During this Innovation Lab about ‘Artists in the community’, we wanted to talk about how the artists contribute to the vitality and development of local communities. In the particular situation we are experiencing, it seems even more important to discuss the ‘use’ of music in a therapeutic way.

 

 

As a cellist and music therapist, Claire Oppert has a unique approach to music as well as its audiences. She shared her professional experience has a musician that, for over twenty-five years, has been confronted to illness, physical pain, autism, dementia, and the end of life. Thanks to her work, it has been proven that music can actually decrease pain. She talked with great passion about sensations, feelings, and her own past experiences. 

A different approach that widens our perspective on music.

Claire Oppert says that the power of music relies in the way it reaches our soul before reaching our reason. However, she insists that her subject is not sad at all. In fact, this job is surprising and has no rule: we could think that at the end of someone’s life, the patients would like to ear something calm, but she once played metal with the cello because a patient asked her to! 

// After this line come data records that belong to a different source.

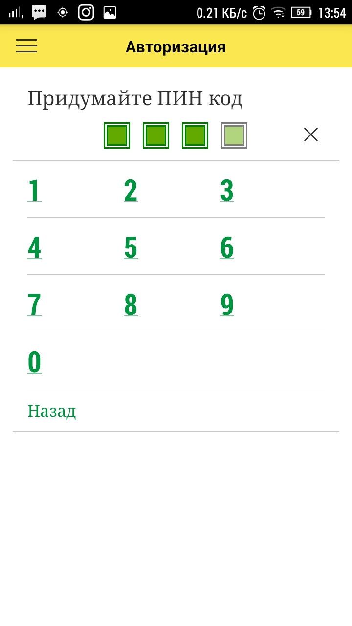 Придумайте и введите ПИН код для дальнейшего входа в базу. ПИН код должен состоять из 4-х цифр.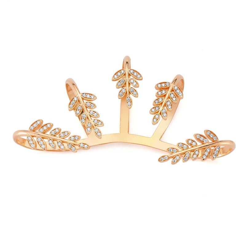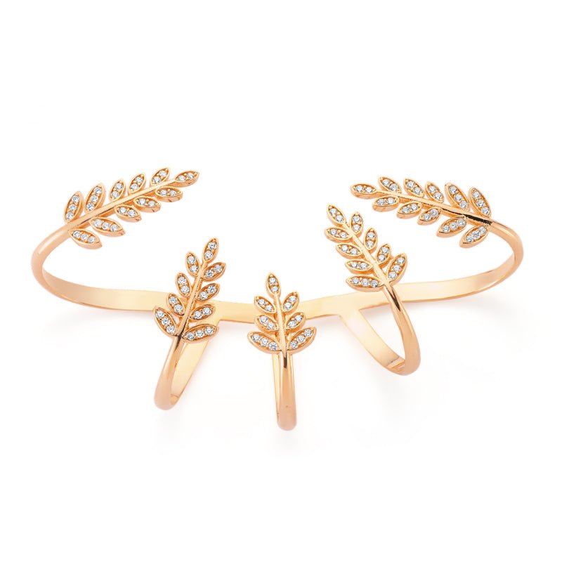 Silver Leaves Hand Palm Cuff bracelet in Rose Gold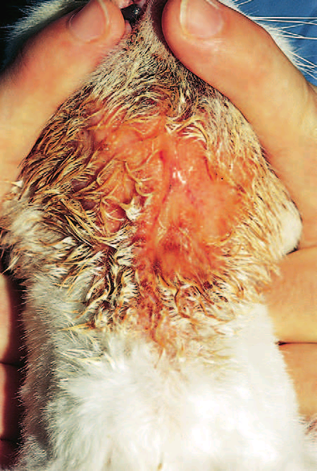 Фото 6. Пиотравматический дерматит собак и кошек. Выраженное эрозивное поражение с экссудатом в области вентральной части шеи у кошки с пищевой аллергией.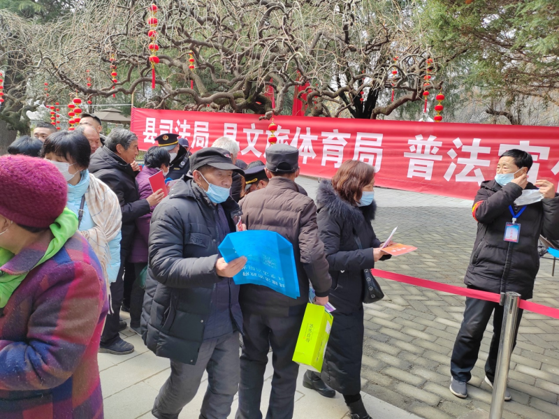 蓝田县水陆庵古庙会农历正月二十三至二十五日期间,蓝田县司法局、县文旅体育局、普化司法所联合到水陆庵开展法治宣传活动,琳琅满目的各色商品、香气扑鼻的特色美食等,吸引着外地及周边众多群众源源不断地前来,充分利用庙会人流量大、文化氛围浓、群众参与度高的机会,让广大群众逛庙会的同时接受法治教育。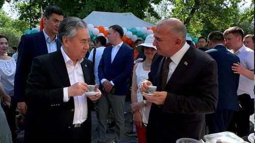 Türkiye'nin Bişkek Büyükelçiliği, Kırgızistan'da Türk Mutfağını TanıttıKırgızistan Dışişleri Bakanlığı, başkent Bişkek’te yetim çocuklar için açık hava kermesi düzenledi. Bu etkinliğe, çeşitli ülkelerin diplomatik misyonları ve uluslararası kuruluşlar katıldı.Türkiye'nin Bişkek Büyükelçiliği de kermeste özel bir stant kurarak Türk mutfağını ve kültürünü…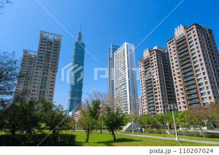 台湾 台北市 象山公園から見える台北101と高層マンション群
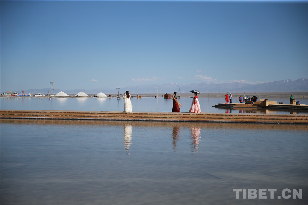 圖為游客正在拍攝,紅色是茶卡鹽湖景區(qū)里最醒目的顏色 攝影:楊月云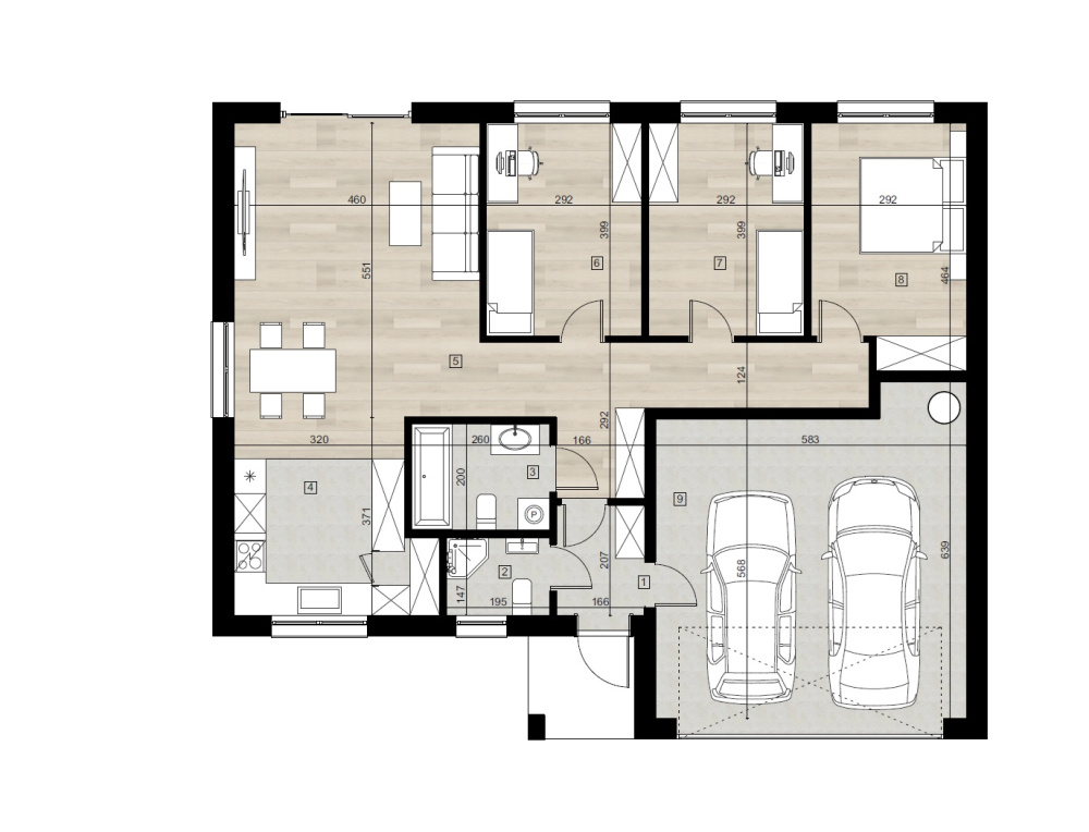 Parterowy budynek wolnostojący z garażem dwustanowiskowym o pow. 131 m2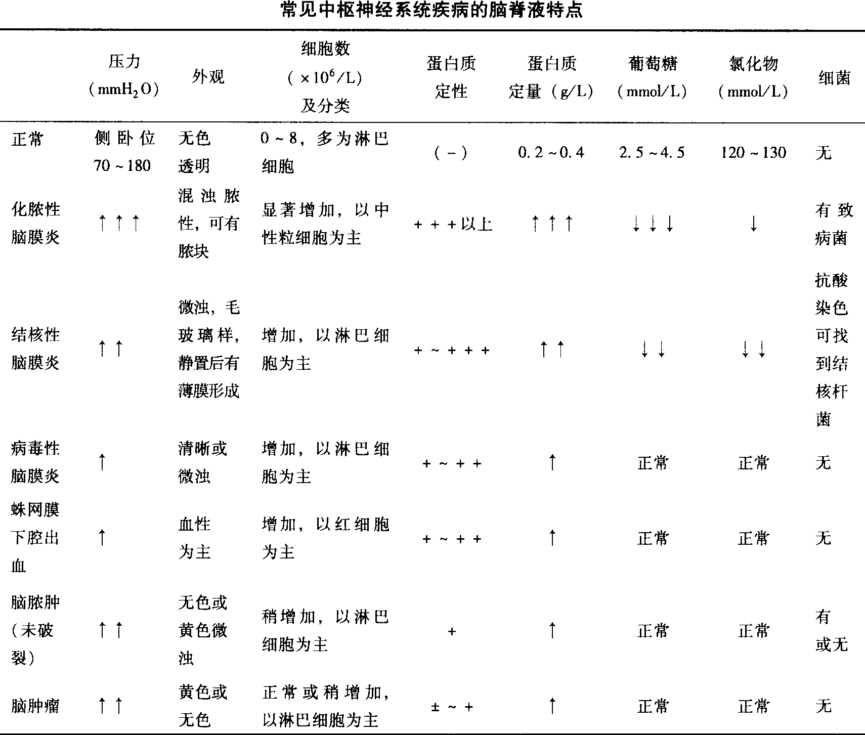 常見中樞神經(jīng)系統(tǒng)疾病的腦脊液的特點,見下表。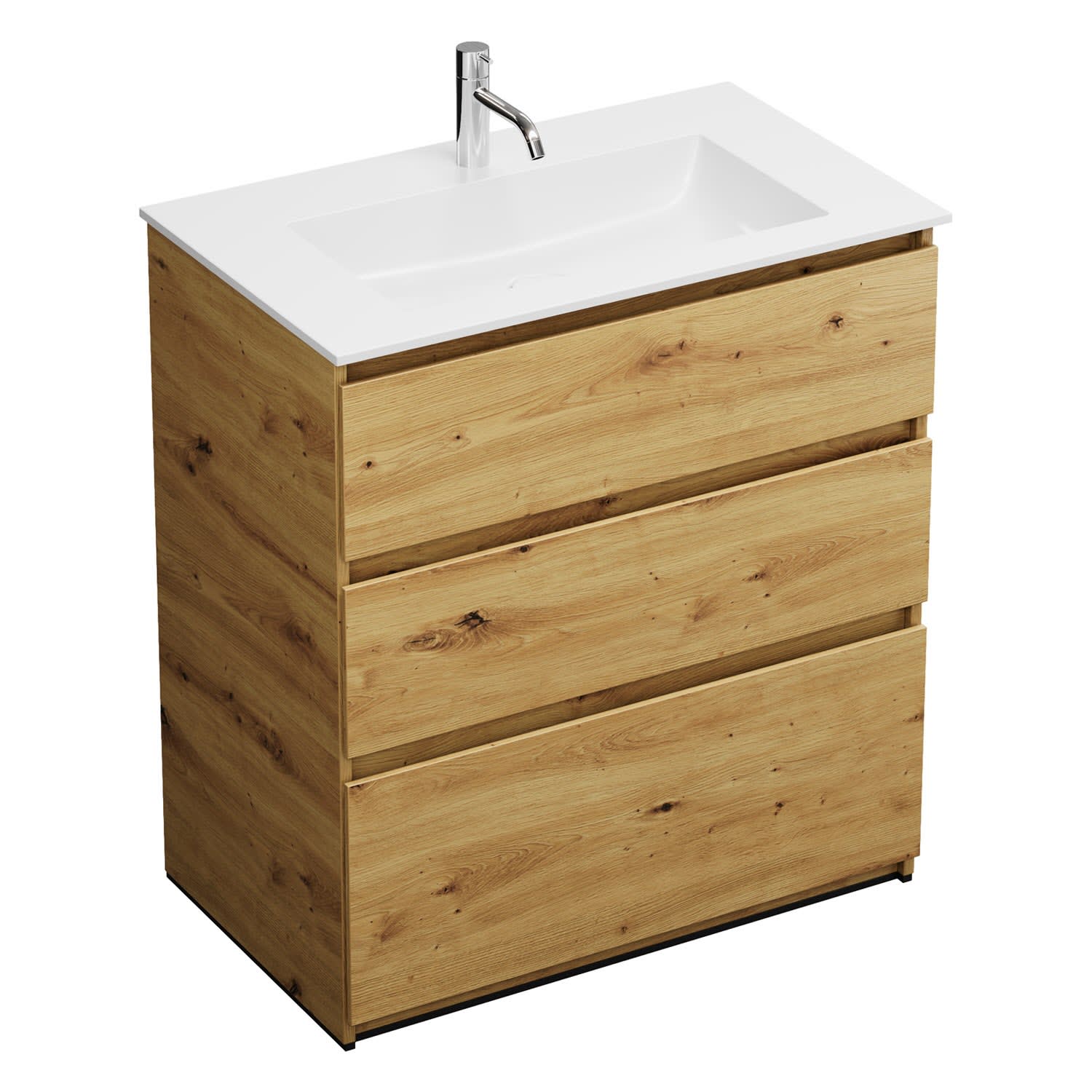 burgbad Lin20 Waschtischunterschrank mit Mineralguss-Waschtisch 82 cm, 3 Auszüge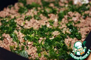 Зелень кинзы, фарш, кинза, соус.
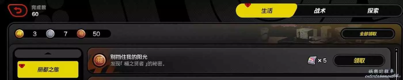 (2)然後去左前方和【桶之賢者】對完話後,再回來和【艾裡斯】對完話後,該任務結束,同時刻獲得隱藏成就《別擋住我的陽光》(生活-麗都之旅)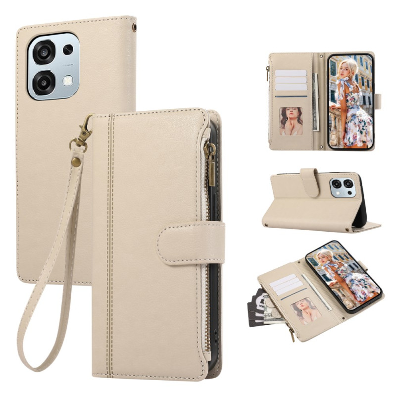 Custodia multifunzione per Oppo A6 Pro 5G con più scomparti per carte, tasca sicura con cerniera e cinturino da polso staccabile. Il design elegante combina protezione premium e praticità quotidiana per il tuo smartphone.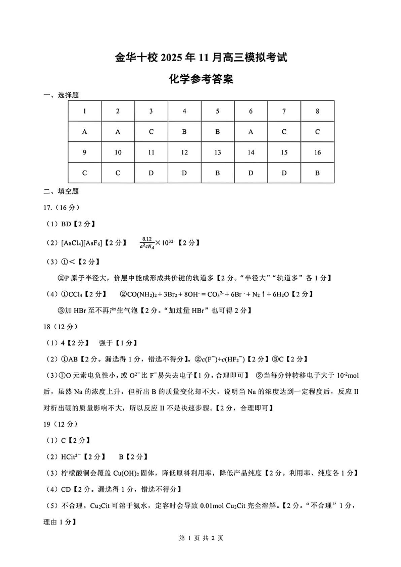 金华十校2025年11月高三模拟考试 化学答案.pdf

Through sharing knowledge and artistical experimentation, Claire Oppert inspired the EEEMERGING+ ensembles to reenforce social bounding through music with their audiences. Even if they do not become music therapists themselves, knowing that music can be effective that way changes the way we approach it.

 

At the end of this time of questioning, the ensembles will be invited to propose some projects in order to engage in new ways of interacting with their audience. The EEEMERGING+ programme and its partners will be there to support the ensembles with these projects!